PROVIDED MATERIAL Block Start
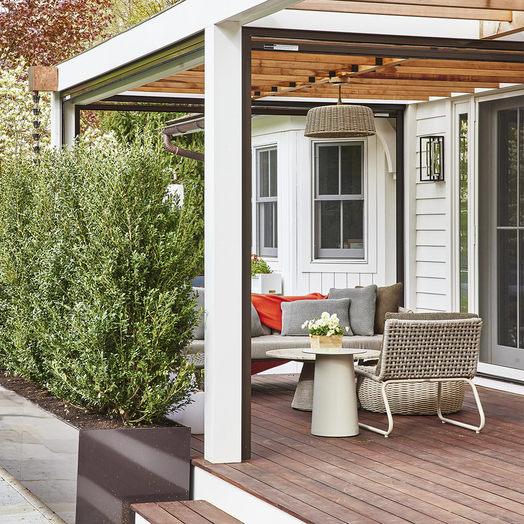 We started the design exercise with a series of subtractive gestures on the exterior, while enlarging and unifying window sizes to pull additional natural daylight into the home’s interior. The addition of a Pergola and new entry doors on the rear embraces the expansive backyard and provides a more balanced connection and circulation between the interior and exterior. Interior spaces were met with a sophisticated and quiet palette, often tying in some of the client’s existing furniture.
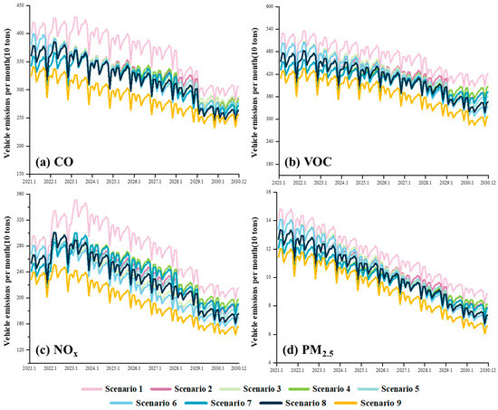 For NOx, as Figure 8c shows, the emissions rise further, peaks in 2023, and then goes downward in the baseline scenario mode. In the baseline Scenario 1, NOx emission reaches a peak of 3.5 thousand tons per month in February 2023, and eventually decreases to 2.2 thousand tons per month by December 2030. Nevertheless, under the most stringent policy Scenario 9, the peak emission occurs earlier in February 2022 at 2.5 thousand tons per month, and gradually decreases to 1.6 thousand tons per month by December 2030. The peak and valley values in Scenario 9 present reductions of 28.4% and 27.3%, respectively, compared to the baseline Scenario 1. It can be attributed to the main contributing vehicle types of NOx emissions, namely HDT, MDT, extra-large trucks, and container trucks. Compared to passenger vehicles such as SDV, these freight vehicles have relatively shorter lifespans in general. Consequently, outdated and high-emission freight vehicles experience a sharp decline in VP under external policy regulations, leading to the significant emission reduction effectiveness and an early peak.
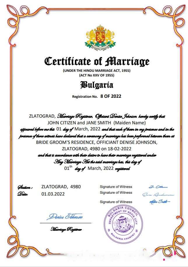 Bulgaria marriage certificate Word and PDF template download template file
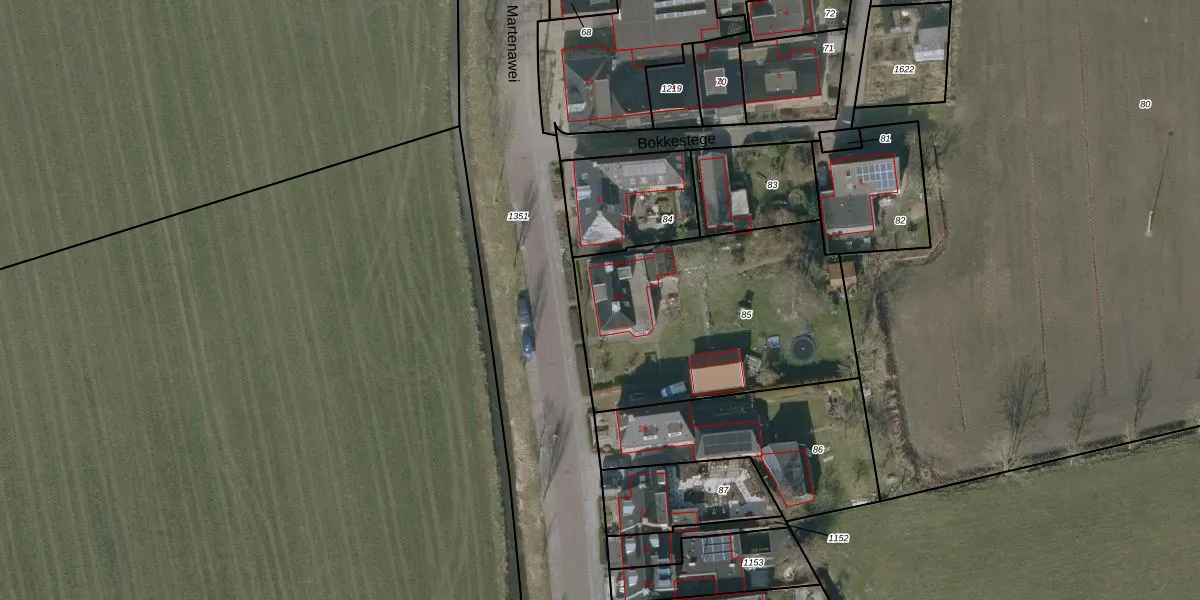 Het perceel waarop Martenawei 23 staat heeft een oppervlakte van 1167 m². Dit is een zeer groot perceel. De perceeloppervlakte wordt geregistreerd door het Kadaster. Gedetailleerde informatie over de maten van dit perceel kunt u vinden in het rapport Kadastrale kaart met maatvoering van Martenawei 23.
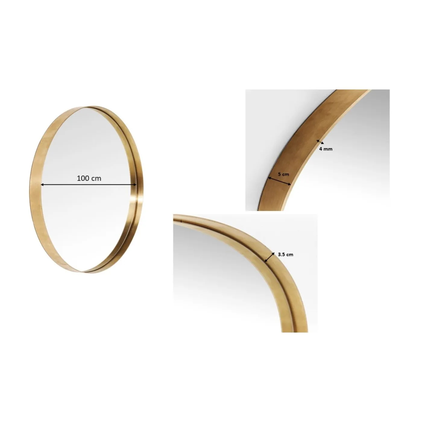 - Magnifique Miroir Rond Aux Contours Reduits Et Au Cadre En Acier Couleur Laiton-Un Classique Revisite
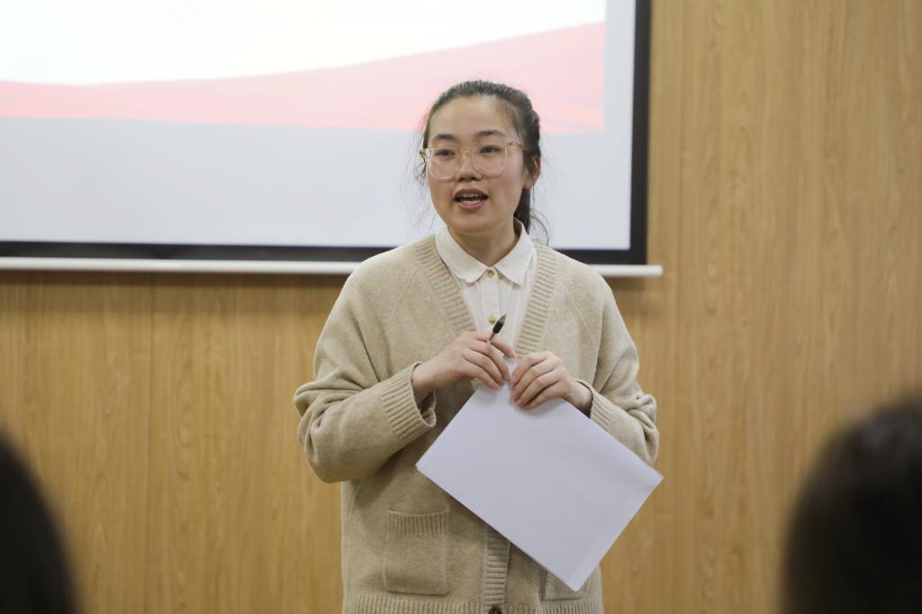 陆燊佳做党建工作实务培训,她介绍了学院学生党建基本概况,并围绕发展党员工作流程、智慧党建平台网上党支部管理、党支部工作手册填写规范、党费收缴与使用等进行了详细讲解,希望全体支委将培训内容转化为工作实效,以良好的党务工作能力、饱满的工作热情投身党建工作。
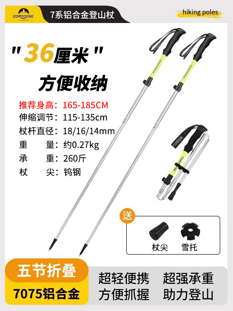 • [7075 알루미늄 합금 접이식 쇼트 스타일] 형광 그린 [컴팩트한 수납] [튼튼하고 내구성이 좋음]
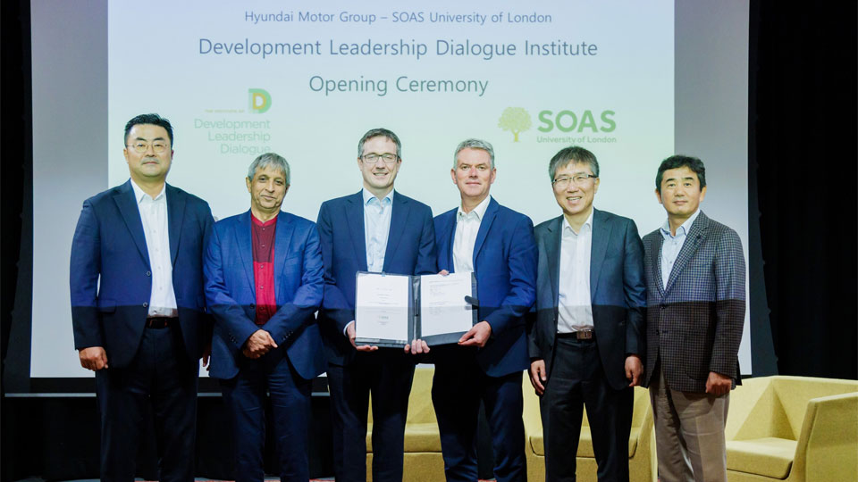 현대자동차그룹과 영국 런던대학교 SOAS는 18일(현지시간) 영국 런던대학교 브루나이 갤러리 극장에서 ‘개발 리더십 대화의 장 연구소’ (‘Development Leadership Dialogue Institute’, 이하 DLD) 개소식 행사를 열었다.
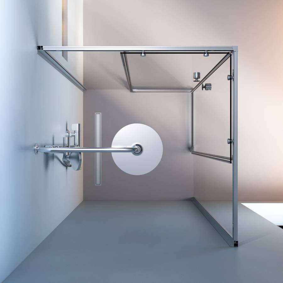 Прочная конструкция с надежными роликами увеличенного диаметра для плавного хоДа двери и закаленным стеклом. Толщина дверей – 6 мм. стенок – 4 мм. Беспрецедентно стойкое покрытие: надежный алюминиевый профиль окрашен методом порошкового нанесения при высокой температуре благоДаря чему краска ложится на профиль идеально ровно а также проникает в структуру самого металла.
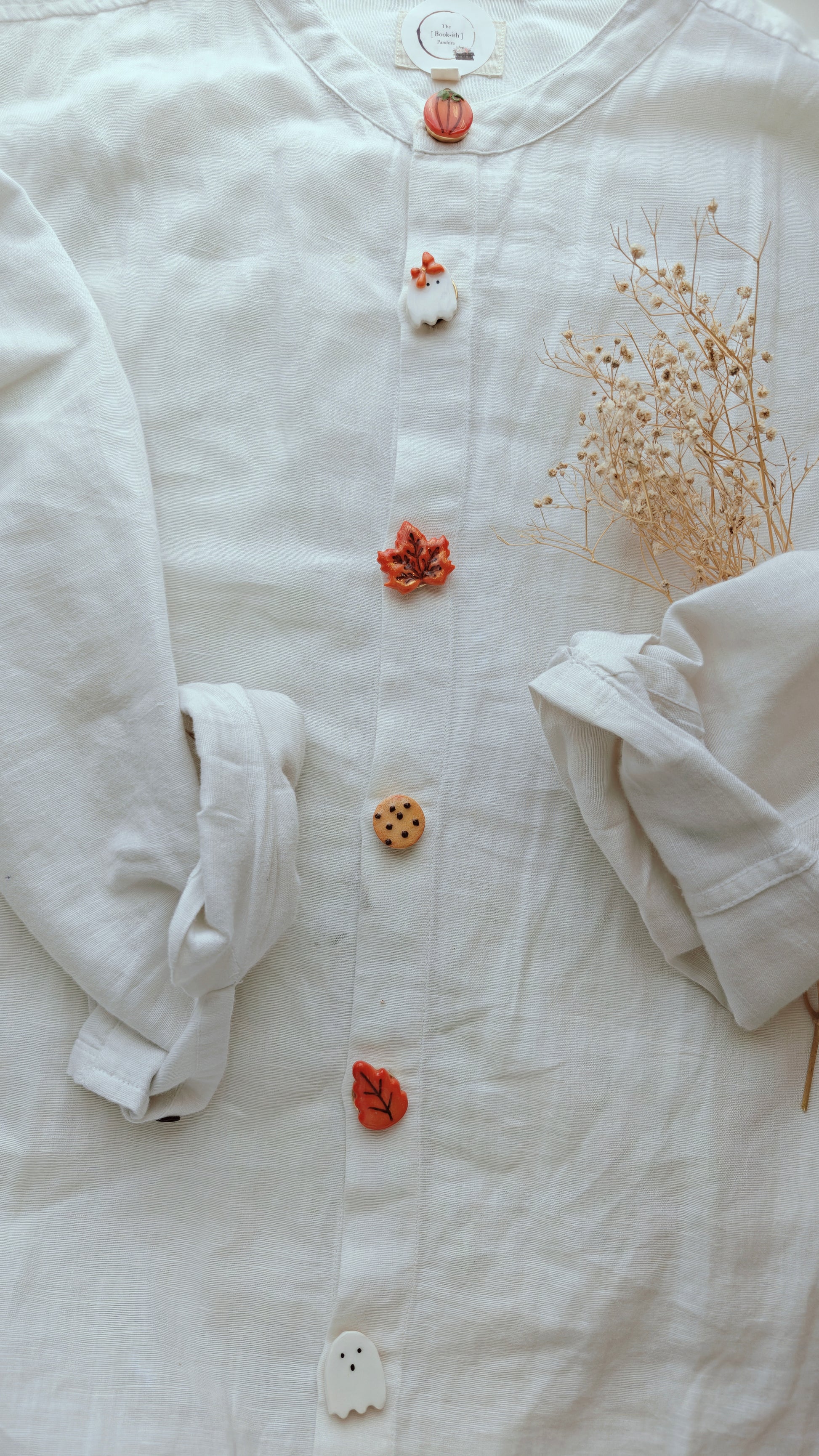 These handmade polymer clay button covers are inspired by cozy fall vibes — featuring tiny pumpkins, maple leaves, cookies, and ghosts. Each piece is sculpted and shaded by hand, bringing warmth and whimsy to your shirts, cardigans, or jackets.
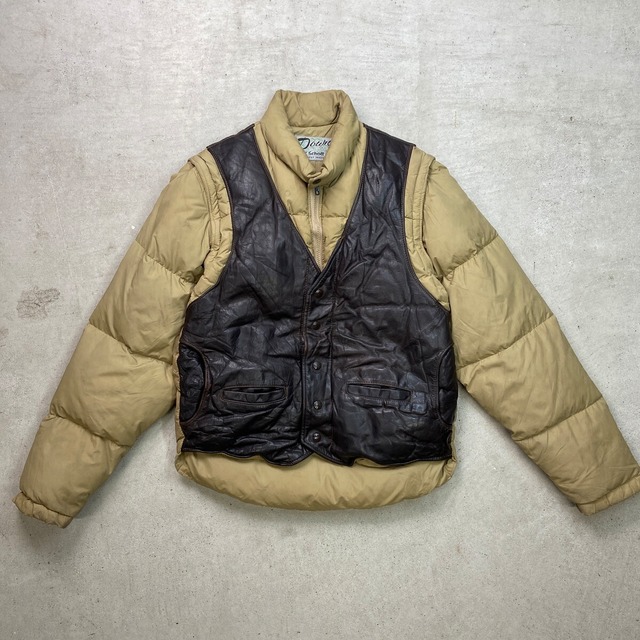 80年代 USA製 Schott ショット 2WAY レザーグースダウンジャケット メンズM相当 古着 80s VINTAGE ヴィンテージ ダウンベスト【ブルゾン・ジャケット】/ベージュ
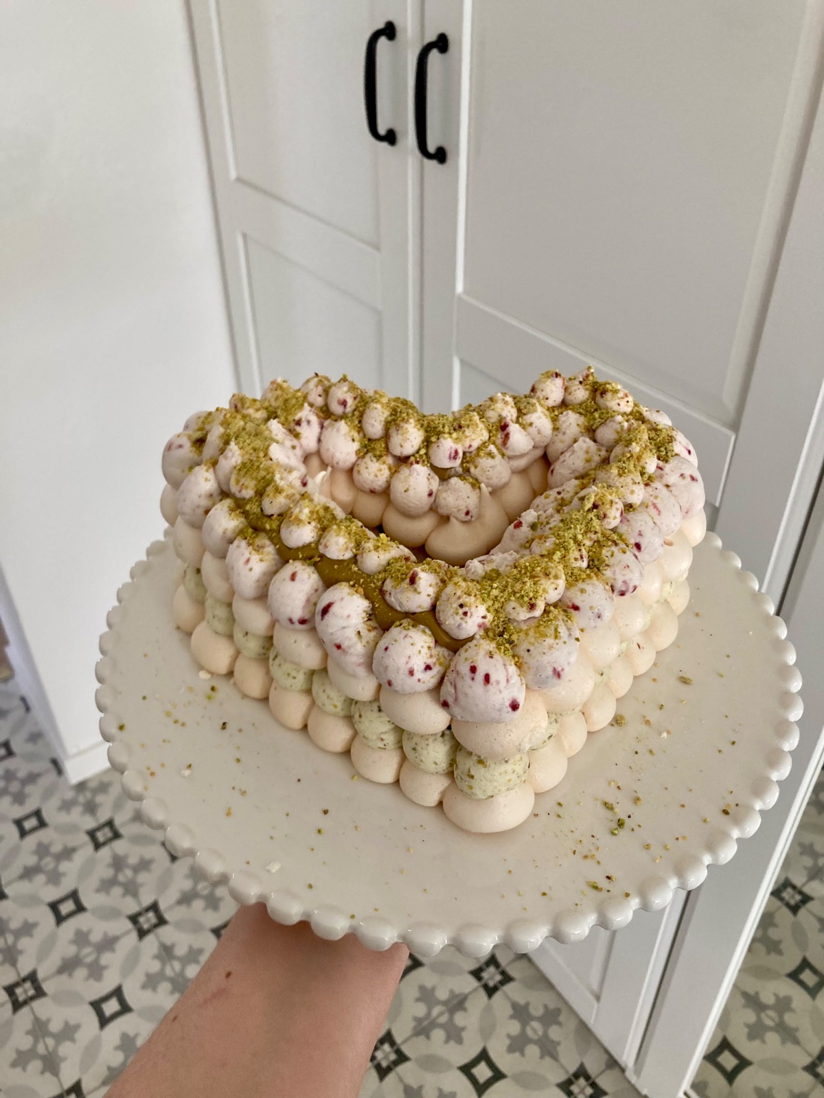 Dnešná srdiečková pistáciovo-malinová pavlovka ❤️ Pôvodne mali ísť navrch ešte maliny, ale akosi sa záhadne zdegustovali skôr, ako sa stihli dostať na tortu 🤭😄
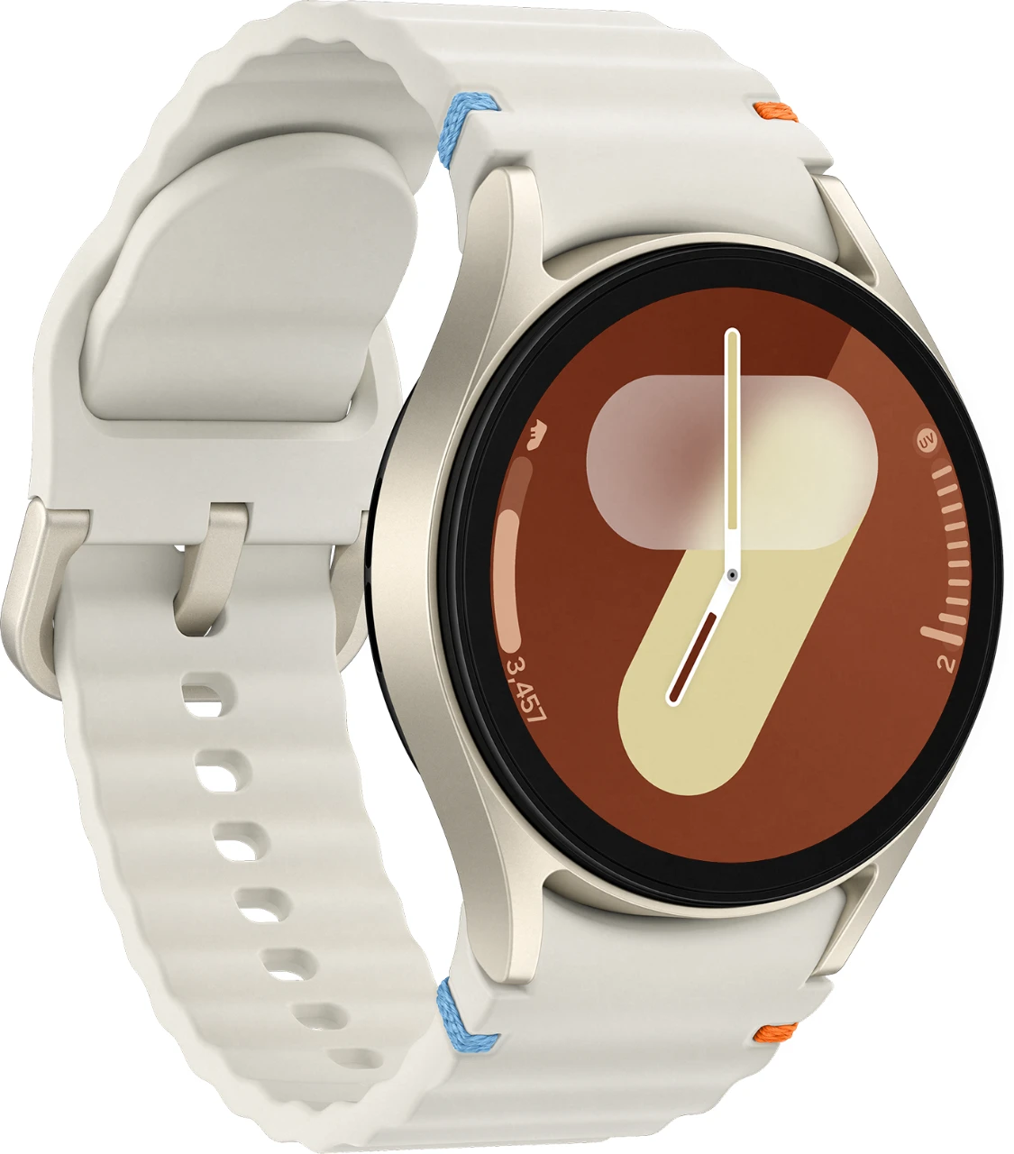 Obwohl die Galaxy Watch7 vollgepackt ist mit vielseitigen Funktionen, liegt ihr Aluminium Gehäuse angenehm flach und leicht an deinem Handgelenk. Zeitlos schön und dennoch voll im Trend sind die natürlichen Farbvarianten Green und Cream beim 40-mm-Modell sowie Green und Silver beim 44-mm-Modell. Runde deinen persönlichen Favoriten mit der großen Auswahl an einfach wechselbaren Armbändern ab. Damit kannst du deine Galaxy Watch7 zu deinem perfekten Begleiter beim Workout, in deiner Freizeit oder auf der nächsten Party machen. Und rund um die Uhr von der intelligenten Galaxy AI-Power an deinem Handgelenk profitieren.
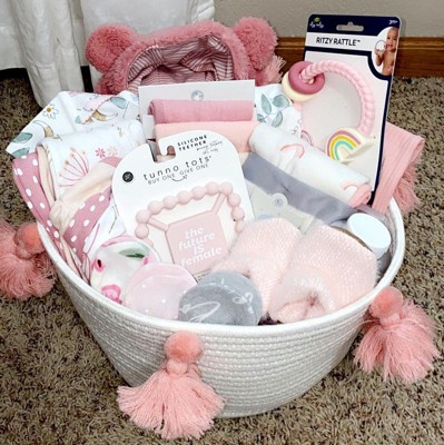 This basket is perfect for a baby shower gift basket!
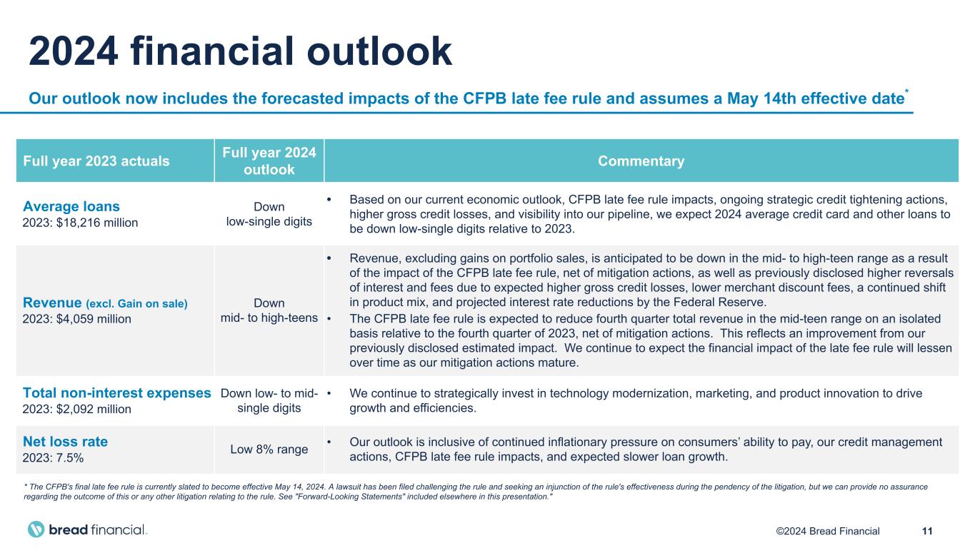 11©2024 Bread Financial 2024 financial outlook Our outlook now includes the forecasted impacts of the CFPB late fee rule and assumes a May 14th effective date* * The CFPB's final late fee rule is currently slated to become effective May 14, 2024. A lawsuit has been filed challenging the rule and seeking an injunction of the rule's effectiveness during the pendency of the litigation, but we can provide no assurance regarding the outcome of this or any other litigation relating to the rule. See "Forward-Looking Statements" included elsewhere in this presentation." Full year 2023 actuals Full year 2024 outlook Commentary Average loans 2023: $18,216 million Down low-single digits • Based on our current economic outlook, CFPB late fee rule impacts, ongoing strategic credit tightening actions, higher gross credit losses, and visibility into our pipeline, we expect 2024 average credit card and other loans to be down low-single digits relative to 2023. Revenue (excl. Gain on sale) 2023: $4,059 million Down mid- to high-teens • Revenue, excluding gains on portfolio sales, is anticipated to be down in the mid- to high-teen range as a result of the impact of the CFPB late fee rule, net of mitigation actions, as well as previously disclosed higher reversals of interest and fees due to expected higher gross credit losses, lower merchant discount fees, a continued shift in product mix, and projected interest rate reductions by the Federal Reserve. • The CFPB late fee rule is expected to reduce fourth quarter total revenue in the mid-teen range on an isolated basis relative to the fourth quarter of 2023, net of mitigation actions. This reflects an improvement from our previously disclosed estimated impact. We continue to expect the financial impact of the late fee rule will lessen over time as our mitigation actions mature. Total non-interest expenses 2023: $2,092 million Down low- to mid- single digits • We continue to strategically invest in technology modernization, marketing, and product innovation to drive growth and efficiencies. Net loss rate 2023: 7.5% Low 8% range • Our outlook is inclusive of continued inflationary pressure on consumers’ ability to pay, our credit management actions, CFPB late fee rule impacts, and expected slower loan growth.
PROVIDED MATERIAL Block End
-- WHAT THE EXERCISE ASKS --
Within the material above, find the part that opens with the line containing "Dnešná srdiečková pistáciovo-malinová" and closes with the line containing "This basket is", and reproduce it exactly without the pictures.

-- WRITTEN ANSWER --
 Dnešná srdiečková pistáciovo-malinová pavlovka ❤️ Pôvodne mali ísť navrch ešte maliny, ale akosi sa záhadne zdegustovali skôr, ako sa stihli dostať na tortu 🤭😄
 Obwohl die Galaxy Watch7 vollgepackt ist mit vielseitigen Funktionen, liegt ihr Aluminium Gehäuse angenehm flach und leicht an deinem Handgelenk. Zeitlos schön und dennoch voll im Trend sind die natürlichen Farbvarianten Green und Cream beim 40-mm-Modell sowie Green und Silver beim 44-mm-Modell. Runde deinen persönlichen Favoriten mit der großen Auswahl an einfach wechselbaren Armbändern ab. Damit kannst du deine Galaxy Watch7 zu deinem perfekten Begleiter beim Workout, in deiner Freizeit oder auf der nächsten Party machen. Und rund um die Uhr von der intelligenten Galaxy AI-Power an deinem Handgelenk profitieren.
 This basket is perfect for a baby shower gift basket!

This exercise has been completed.